Football in its purest form has been present throughout the tournament. Or can you really tell me that the suspense of the semi-final between Germany and Italy - that certainty shared by millions that after 118 minutes of athletic prowess we were in for penalties and then the sudden plot twist, the goal, changing everything - is not football?
Klinsmann's hurried look as Italy celebrated,thinking there are still a couple of minutes, we can turn it round again, urging his men not to give up.
Del Piero's impatient run "to make his appointment with the ball" as my Italian friend so eloquently put it - that's not football?
And Zidane's calm, cool, collected penalty in the semi-final against Portugal, determined, confident - is that not football?
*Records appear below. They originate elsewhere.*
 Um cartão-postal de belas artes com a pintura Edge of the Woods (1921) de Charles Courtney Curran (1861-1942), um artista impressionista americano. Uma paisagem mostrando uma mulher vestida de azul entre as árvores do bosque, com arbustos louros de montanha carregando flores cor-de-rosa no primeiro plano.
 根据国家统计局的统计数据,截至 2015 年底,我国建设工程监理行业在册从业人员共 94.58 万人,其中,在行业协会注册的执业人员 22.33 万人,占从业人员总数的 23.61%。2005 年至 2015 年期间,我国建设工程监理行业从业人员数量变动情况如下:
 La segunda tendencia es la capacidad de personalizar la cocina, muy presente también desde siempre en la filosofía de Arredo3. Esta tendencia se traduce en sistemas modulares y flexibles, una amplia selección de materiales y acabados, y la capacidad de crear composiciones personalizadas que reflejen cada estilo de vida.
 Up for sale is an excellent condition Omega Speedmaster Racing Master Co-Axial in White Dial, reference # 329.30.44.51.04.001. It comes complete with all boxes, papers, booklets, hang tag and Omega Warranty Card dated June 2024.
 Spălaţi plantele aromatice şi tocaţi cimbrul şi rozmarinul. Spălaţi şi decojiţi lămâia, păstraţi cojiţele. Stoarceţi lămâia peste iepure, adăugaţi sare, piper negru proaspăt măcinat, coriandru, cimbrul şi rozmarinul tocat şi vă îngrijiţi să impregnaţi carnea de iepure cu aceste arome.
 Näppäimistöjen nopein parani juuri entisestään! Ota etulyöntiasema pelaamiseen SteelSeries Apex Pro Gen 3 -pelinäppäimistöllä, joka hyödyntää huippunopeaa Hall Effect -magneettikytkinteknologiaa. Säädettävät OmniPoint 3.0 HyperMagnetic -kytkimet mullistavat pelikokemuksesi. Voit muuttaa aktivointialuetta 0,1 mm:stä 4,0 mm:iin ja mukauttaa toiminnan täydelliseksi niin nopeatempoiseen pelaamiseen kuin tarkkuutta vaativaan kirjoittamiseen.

The debatable nature of the penalty itself, the arguably boring quality of the game, the impossible task of the referee, the reprehensible anger of Felipao - that's not football?
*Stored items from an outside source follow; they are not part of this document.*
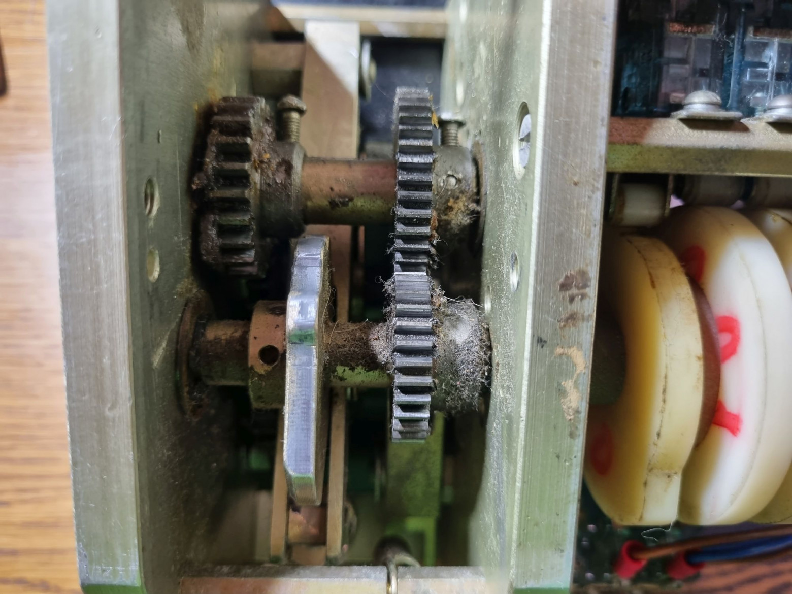 А вот механизм. Дискретное перемещение ручки обеспечивается за счёт детали сложной формы, в которую упирается подпружиненный ролик. Шестерни обмазаны густой липкой смазкой.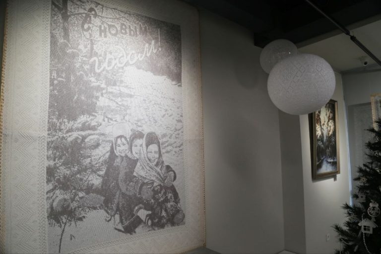 Удивительное панно размером 240 на 160 сантиметров заняло одно из центральных мест в экспозиции «Три возраста платка». На белом пуховом полотне вывязан рисунок, повторяющий новогоднюю открытку 1961 года. В центре композиции – малыши на санках и, разумеется, в платке. Создать диковинную вещь смогли мастера Фабрики оренбургских пуховых платков. Дизайнер сумела адаптировать старое фото к переносу на пушистый носитель, а точные машины – воспроизвести рисунок в вязке. Новогоднее панно-открытка стало подарком Галерее и гостям выставки. Интересно, что редкая открытка – тоже часть музейного собрания. Много лет специалисты Галереи пополняют коллекцию фотографий «ХХ век в платке». Часть снимков куплены у коллекционеров, часть – подарены владельцами со всей России. Снимки объединяют пуховые платки и паутинки в кадре, ведь задача коллекции – показать, как старинный оренбургский промысел существует в нашей повседневности. Сейчас в собрании Галереи более тысячи тематических снимков. Часть из них мож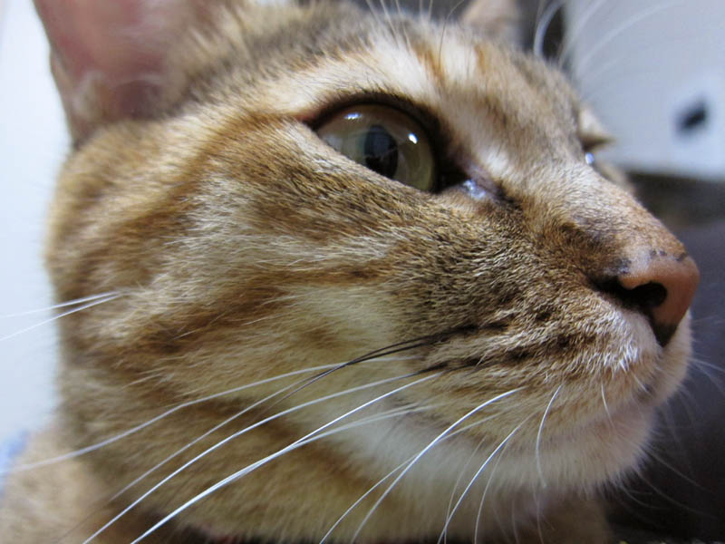 扉の向こうを警戒中のぽっけ♂。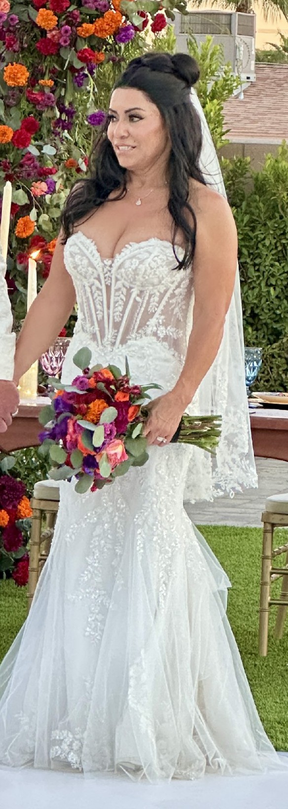 As I walked down the aisle in this dress, I could feel the love and magic surrounding me. Now, I hope it finds a new home where it can create more beautiful memories. If you're a size 8 and looking for that perfect dress to say "I do" in, this is the one you’ve been dreaming of.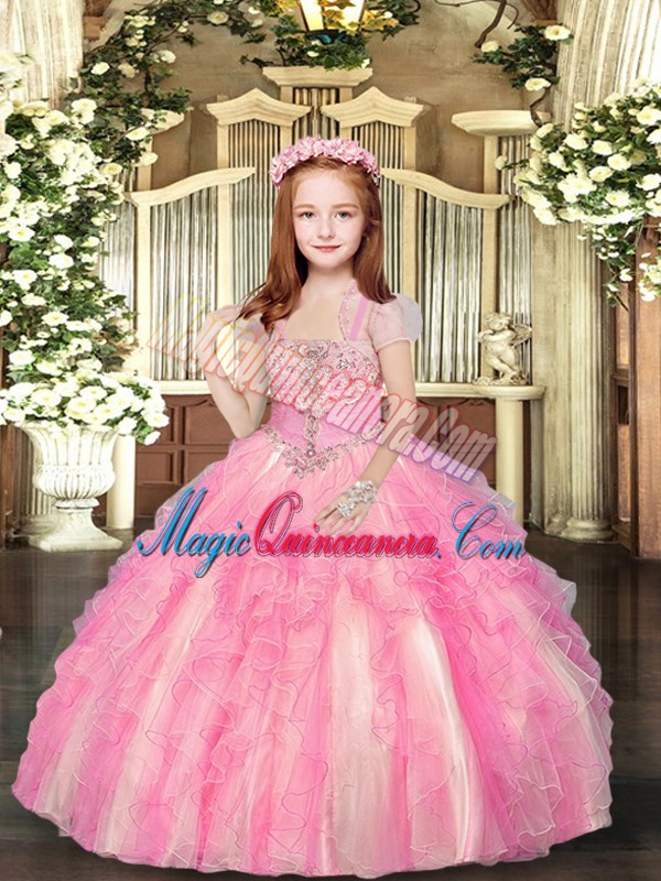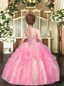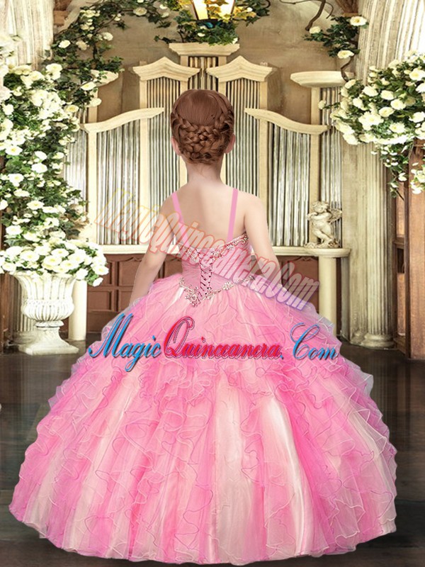 Floor Length Lace Up Pageant Dress for Girls Baby Pink for Party and Wedding Party with Beading and Ruffles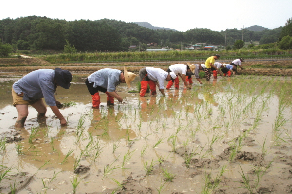망종(芒種)은 24절기 아홉 번째로 6월 5일입니다. ‘망(芒)’은 벼나 보리처럼 까끄라기가 있는 곡식을 뜻하니, 그를 심기에 좋은 때를 말합니다. 지역마다 조금 다르기는 하지만 이 시기를 전후해 모내기를 합니다. 곡우 지나 모판을 만든 농부는 한 뼘쯤 자란 연둣빛 어린모를 보며 “가장 여리고 순한 몸짓 하나로/ 섬뜩한 초록, 초록의 들판을/ 청청청청 열어젖히는”(고재종「초여름」에서) 모습을 상상합니다. 그리고 물 잡아놓은 논에 모내기를 합니다. “흙을 향해 허리 굽히는 게 모든 일의 시작인/ 농부들 푸른 모춤을 지고/ 산 그림자 속으로 걸어 들어가네/ 뒷걸음치며 산에 모를 심네/ 바위 위에도 모를 꽂아 놓았네”(함민복「논 속의 산 그림자」에서) 모내기는 그저 논바닥에 모를 꽂는 것이 아닙니다. 그 논으로 들어온 모든 관계에 모를 심는 것입니다. 그래서 산에도 모를 심는 것이 되고 바위에도 모를 심는 게 됩니다. 어젯밤 개구리 울음 사이에도, 별자리 사이에도, 바람에 살랑거렸던 물결 사이에도 모를 심는 것입니다. 농부가 흙을 향해 허리를 굽힌 것은 이 모든 관계들에게 절을 한 것입니다. 그래서 벼농사는 모든 우주적 관계를 잇는 ‘대지의 내면’ 살림입니다. 농부는 생명적 관계를 잇고 살찌게 하여 지속가능한 양식과 삶을 일구는 생명의 예술가입니다. 흙살림농장에는 토종볍씨를 보존하는 아랫논과 식구들 먹을 벼를 심는 웃논이 있습니다.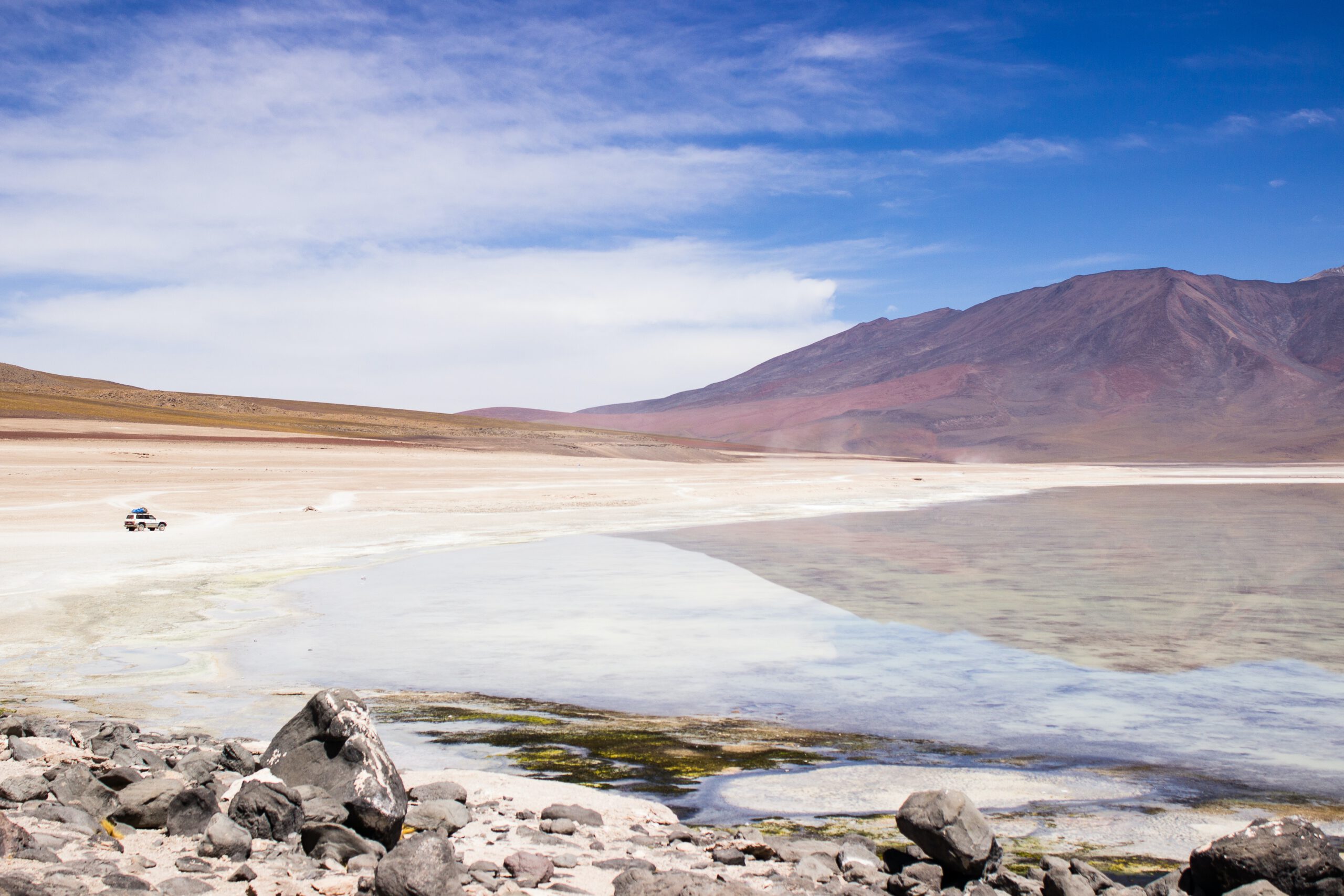 1. Tag: Nach der Übernachtung im Hotel del Desierto auf 4.530m fahren wir am nächsten Tag vorbei an den Flamingo-Lagunen Ramaditas, Honda, Chiarkhota, Hedionda und Cañapa, über den Salar de Chiguana und durch das Ejercito de Piedra (bizarre Lavaformationen) nach San Pedro de Quemés. Überall, wo es uns gefällt, steigen wir aus unserem Land Cruiser aus und genießen die faszinierenden Wüsten-, Lagunen- und Vulkanlandschaften zu Fuß. Und natürlich fotografieren wir Flamingos.

And it's not just the goals either: the infinite dissection of every move, every decision, every gesture (the wink, the dive, the hug, the shrug); the impossibility of any agreement over an image we have all seen repeatedly (is that a punch or a careless arm-stretch? Did he stamp on his testicles or merely take a gentle step backwards? Was there any contact before he fell?).
Even the debate about whether or not it's scoring goals that matters, that old aesthetic versus result discussion, permeates every preview and every post-match analysis.
What's more, all the traditional tribal enmities come to the surface. Hand in hand with the defence and support of our team comes derision of the other. The danger here is the team's equation with nationality. As a Boca fan, I know I can make swiping statements about River supporters which would never be taken as any more than an expression of the irrational licence that football grants us to vent negative feelings.
Somehow, when it comes to being an Argentinian making a statement about Brazilians, caution is of the upmost importance. Football nationality has nothing to do with real nationality, a leading Scottish-born sportswriter who lives in England said to me last week. Because football is not real, he added.
But some of the exchanges ignited by the event feel real. As one person commentated on an earlier blog of mine, the discord among us is worthy of an Edgar Reitz epic.
Football has everything to do with territoriality. Football is mine, we all feel; I am the one who really knows this game, I understand it in a way that 'others' don't. Football is all about "us" and "them", a battle for territory and possession, and a sense of belonging for individuals through a common objective. Football belongs to all of us, we all have an expert opinion and a personal history and a bundle of shared memories and hopes.
Football is about strategy and poetry. In the words of JB Priestley, Art and Conflict for a shilling.